Top of Dataset extract
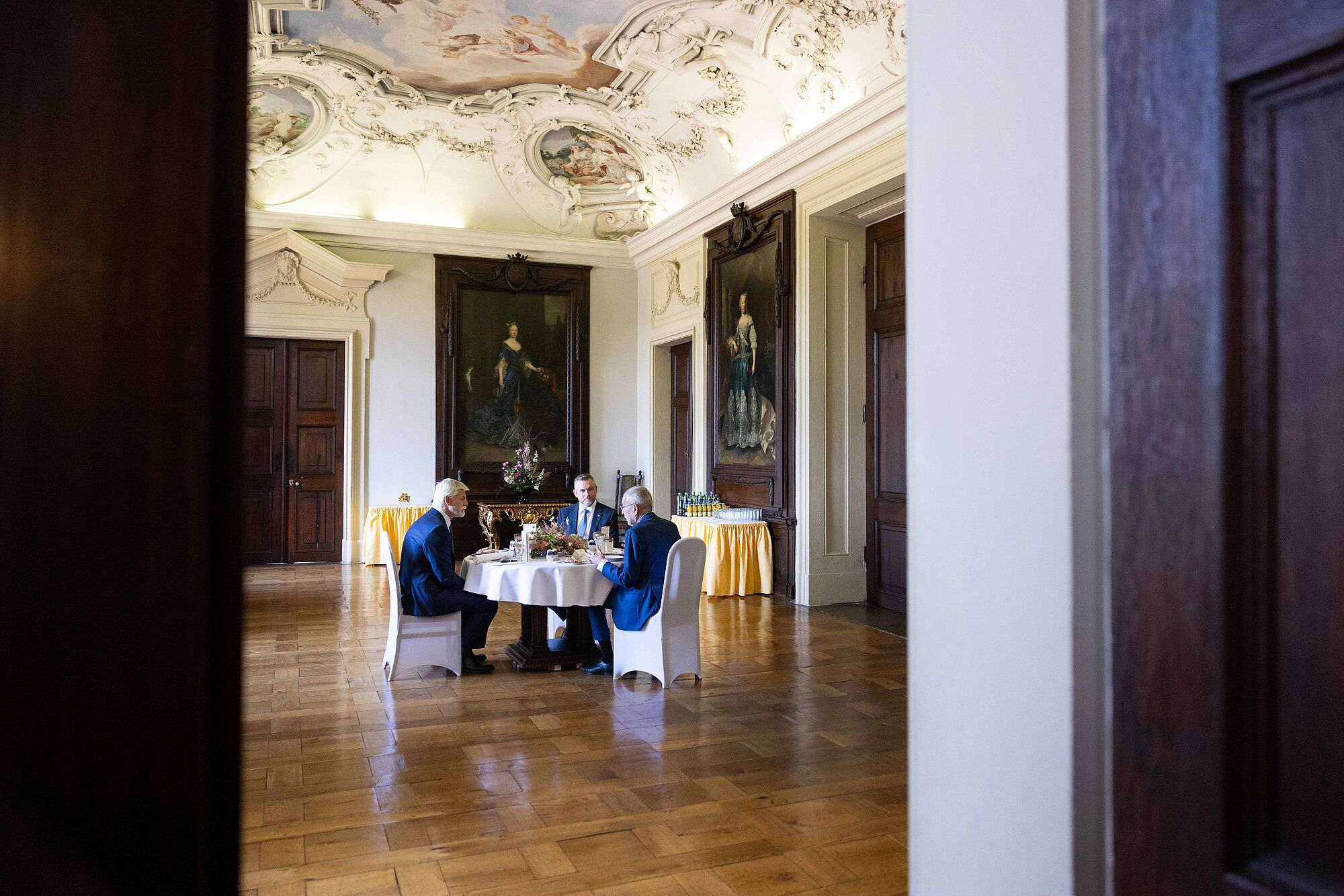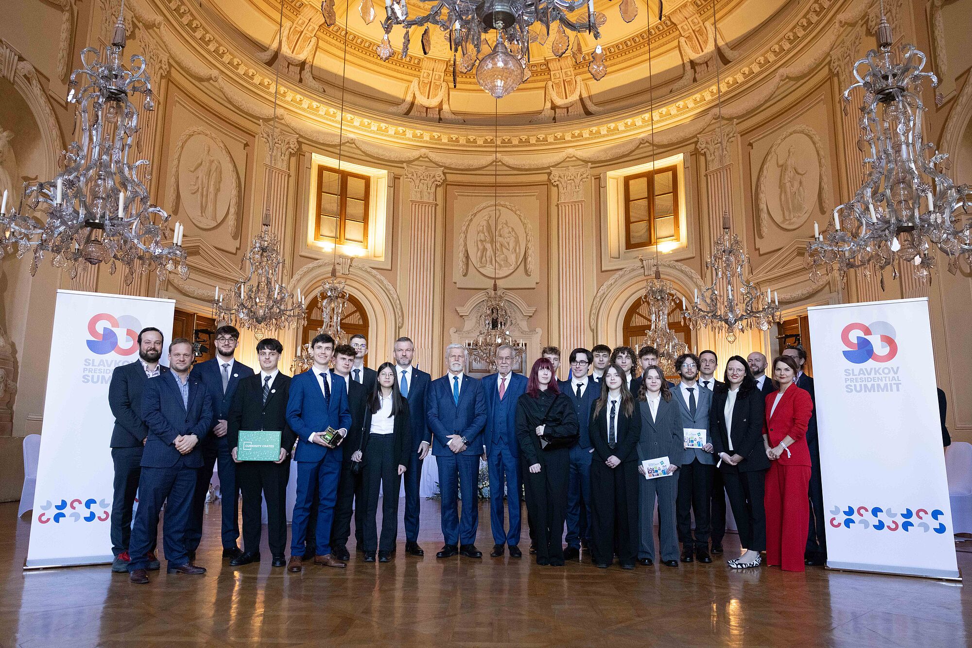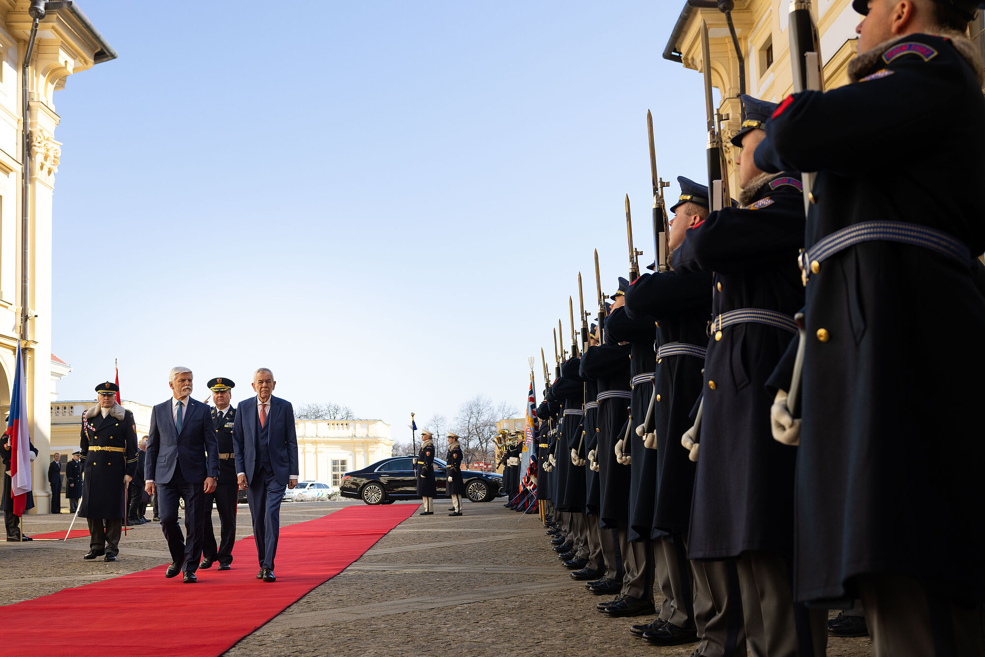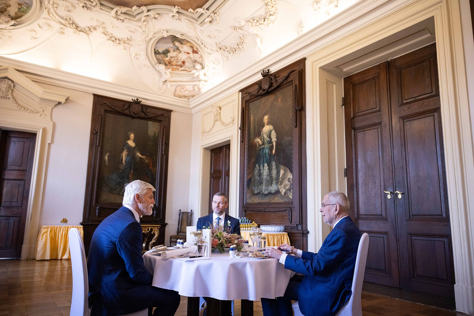 Van der Bellen nannte einige konkrete Beispiele für die Zusammenarbeit im Slavkov-Format. "So wirkten Tschechien, die Slowakei und Österreich gemeinsam erfolgreich darauf hin, dass Deutschland seine umstrittene Gastransitgebühr aufgab." Die "hohe Qualität" der grenzüberschreitenden Zusammenarbeit sei auch 2021 sichtbar geworden, als österreichische Rettungskräfte beim Tornado in Südmähren mithalfen. 2023 halfen Feuerwehrleute aus Tschechien in Oberösterreich, einen Großbrand im Zentrum von Ulrichsberg zu löschen. Und Feuerwehrleute aus der Slowakei unterstützten dabei, den Waldbrand im Rax-Gebiet zu bekämpfen. Van der Bellen äußerte zuversichtlich, dass "diese engen grenzüberschreitenden Beziehungen unserer drei Länder in Zukunft sogar noch enger und intensiver werden".
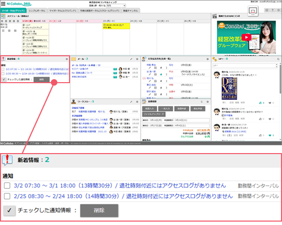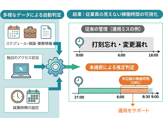 NI Collabo 360の「勤務間インターバル」機能は、タイムカードや勤怠管理(本人による打刻)を代替するものではなく、NI Collabo 360による活動データ(スケジュール、商談、業務情報)、アクセス状況(ログイン・稼働ログ)等も考慮して、「勤務間インターバル」の実態を推定し、必要なアラートを発報する機能です。これにより、打刻忘れや在席状況の変更漏れ、打刻後の就業があっても、就業状況を把握することができるようになります。(あくまでも推計であり、「勤務間インターバル」が取れているかどうかの判断材料を提供するものであることを予めご了承ください。)
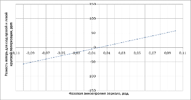 левой круговыми поляризациями в зависимости от фазовой анизотропии зеркал;
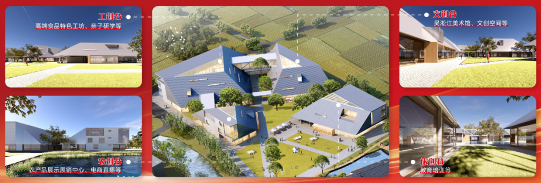 金华村作为全国文明村,不仅是张浦独具特色的重点乡村,更是昆山推进乡村全面振兴的亮丽名片。“食尚张浦·田园金谷”项目位于张浦镇金华村,投资金额约6000万元。作为我市首张乡村建设规划许可证核发后启动建设的乡村项目,该项目对全市乡村建设规范化发展具有积极的示范意义。项目以农工文旅协同发展为创新驱动,涵盖展示展销、电商直播、研学工坊、教育培训等多元业态。其中,文创谷板块重点打造的吴淞江美术馆建设项目已被列入苏州“811”文化强市计划,未来将成为区域文化新地标。
Bottom of Dataset extract
> [Task requirements]:
The listing is to be repeated exactly, with its pictures removed.

> [Task answer]:
 Van der Bellen nannte einige konkrete Beispiele für die Zusammenarbeit im Slavkov-Format. "So wirkten Tschechien, die Slowakei und Österreich gemeinsam erfolgreich darauf hin, dass Deutschland seine umstrittene Gastransitgebühr aufgab." Die "hohe Qualität" der grenzüberschreitenden Zusammenarbeit sei auch 2021 sichtbar geworden, als österreichische Rettungskräfte beim Tornado in Südmähren mithalfen. 2023 halfen Feuerwehrleute aus Tschechien in Oberösterreich, einen Großbrand im Zentrum von Ulrichsberg zu löschen. Und Feuerwehrleute aus der Slowakei unterstützten dabei, den Waldbrand im Rax-Gebiet zu bekämpfen. Van der Bellen äußerte zuversichtlich, dass "diese engen grenzüberschreitenden Beziehungen unserer drei Länder in Zukunft sogar noch enger und intensiver werden".
 NI Collabo 360の「勤務間インターバル」機能は、タイムカードや勤怠管理(本人による打刻)を代替するものではなく、NI Collabo 360による活動データ(スケジュール、商談、業務情報)、アクセス状況(ログイン・稼働ログ)等も考慮して、「勤務間インターバル」の実態を推定し、必要なアラートを発報する機能です。これにより、打刻忘れや在席状況の変更漏れ、打刻後の就業があっても、就業状況を把握することができるようになります。(あくまでも推計であり、「勤務間インターバル」が取れているかどうかの判断材料を提供するものであることを予めご了承ください。)
 левой круговыми поляризациями в зависимости от фазовой анизотропии зеркал;
 金华村作为全国文明村,不仅是张浦独具特色的重点乡村,更是昆山推进乡村全面振兴的亮丽名片。“食尚张浦·田园金谷”项目位于张浦镇金华村,投资金额约6000万元。作为我市首张乡村建设规划许可证核发后启动建设的乡村项目,该项目对全市乡村建设规范化发展具有积极的示范意义。项目以农工文旅协同发展为创新驱动,涵盖展示展销、电商直播、研学工坊、教育培训等多元业态。其中,文创谷板块重点打造的吴淞江美术馆建设项目已被列入苏州“811”文化强市计划,未来将成为区域文化新地标。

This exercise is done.